Bapak.
Tentang perjalanannya..
sepertinya aku paham apa yang ada dalam benak bapak selama ini, hidup[ adalah soal memberi dan memberi. mudah sekali ditebak, karena hal itu juga ada dalam benakku.
bahkan aku sampai menebak, apa keinginan terbesar bapak dalam hidup? barangkali bisa kuwujudkan saat ini.
sebenarnya, kesadaran itu tidak terlintas begitu saja. Ada cerita bapak yang membuatku sampai di titik itu. Apa yang bisa kuwujudkan untuk bapak?
investasi orang tua, ungkapannya. nyatanya aku mencari definisi dari diriku sendiri. asal anaknya bahagia dan tercukupi, sepertinya keinginan bapak terpenuhi.
naik gunung. hobi yang entah tiba-tiba kudapatkan, dari latar belakang lingkungan yang agamis. memang heran, tapi tidak ada paksaan dan dorongan apapun dan dari siapapun ketika aku memilihnya. kesamaan hobi dnegan bapak, baru kusadari ketika aku sudah sekian kali menyapa puncak. hingga akhirnya bapak berkata, dulu kesempatan itu terkubur oleh biaya yang tidak cukup, ambisi menapaki puncak tertinggi di jawa itu tertelan ketika melihat adik-adiknya perlu makan, keegoisannya memudar dan yang tersisa hanyalah kenangan dan cerita masa-masa kejayaannya ketika menapaki gunung lain disekitarnya.
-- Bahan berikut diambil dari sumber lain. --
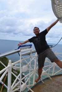 Trus ya, bisa jadi aku nggak merasa capek karena di tiap lantai, melalui jendela-jendelanya, aku disuguhi pemandangan luar biasa. Percayalah, di tiap-tiap jendela pada masing-masing lantai, kita akan mendapati pemandangan yang berbeda! Terdengar mistik? Nggaklah… kan Mercusuar itu berbentuk tabung. Tangganya juga melingari dinding dalam mercusuar. Nah, walau posisi jendela terlihat simetris dari luar, dari dalam kan tetangga berbentuk melingkar sehingga pemandangan dari jendela ikutan memutar. Walaupun kelak akan menemukan pemandangan yang sama, tapi ketika dilihat dari lantai yang berbeda (semakin atas) maka sudut pandang kita pun akan berubah. Luar biasa!

kuliah. jalan hidup yang dengan tepatnya digariskan untukku, melalui hal-hal yang bapak lalui. informasi kampus dari tempat bapak kerja, yang bahkan aku tidak mengerti jenis pekerjaan apa yang selama ini bapak lakukan dengan dokumen setumpuk, buku-buku, juga tidak jarang dengan kalkulator, dan yang paling sering adalah “ke lapangan dulu ya”. sejujurnya aku bisa bertanya, tapi yang diperkenalkan padaku hanyalah “tulis saja wirasawasta” ketika aku bertanya untuk data siswa di sekolah. nyatanya, kuliah itu membawaku pada tempat-tempat lain yang insyaAllah diberkahi. tempat yang entah nanti aku akan sampai pada titik mana lagi, entah dengan jalan apa lagi, dan entah dengan cerita apa lagi. tapi aku tahu, yang kutemukan adalah kasih sayangNya. dari awal kuterimapun, bukankah hanya ingin mendapatkan ridho mereka berdua? bukankah pilihanku hanya satu?
tapi entah, setelah beberapa hal terlalui, nyatanya binar air mata bahagia yang terpancar itu mengubur keinginanku mengamati gedung-gedung. menghilangkan binar-binar tata ruang dan dekorasi cantik yang selama ini aku inginkan. mengalihkan kemauanku untuk membangun negeri ini dengan menjadi arsitek. ah, iya. mengalihkan. nyatanya, cita-cita itu masih ada. bahkan sangat memukau ketika pada akhirnya mataku disuguhkan banyak sekali bangunan luar biasa di ibukota, juga dengan tata ruang dan dekorasi yang tidak terbilang. bahkan, aku sungguh terharu ketika pada akhirnya kupahami bahwa mimpiku tidak Allah padamkan, justru Allah beri jalan yang benar-benar mudah untuk menggapainya.
bukankah empat tahun yang lalu, kau tulis dengan yakin bahwa dirimu ingin mengabdi ke pelosok negeri? melihat kehidupan yang orang lain jauhi, menyentuh sisi terdalam negeri ini, mengamati dan menemukan peranmu untuk membangun dan menggerakkan setelah lewat tanganmulah kebaikan-kebaikan teralirkan. bukankah seperti itu? bahkan doamu tentang ingin pekerjaan yang ilmunya kamu pahami dengan benar, itu juga Allah wujudkan? lantas, apa yang kau risaukan kini? kau sedang menuju mimpimu! perjalananmu! bapak, mamah, mbah, enin, engking, mungkin berat melepas, tapi itu semua tidak masalah karena kau akan kembali.
tentang bapak dan perjalanannya, akan kulanjutkan. akan kubawa nilai-nilai yang bapak berikan, lalu kulangkahkan kaki lebih jauh lagi, lebih lebar lagi.
dan semoga semua kebaikannya mengalir untuknya.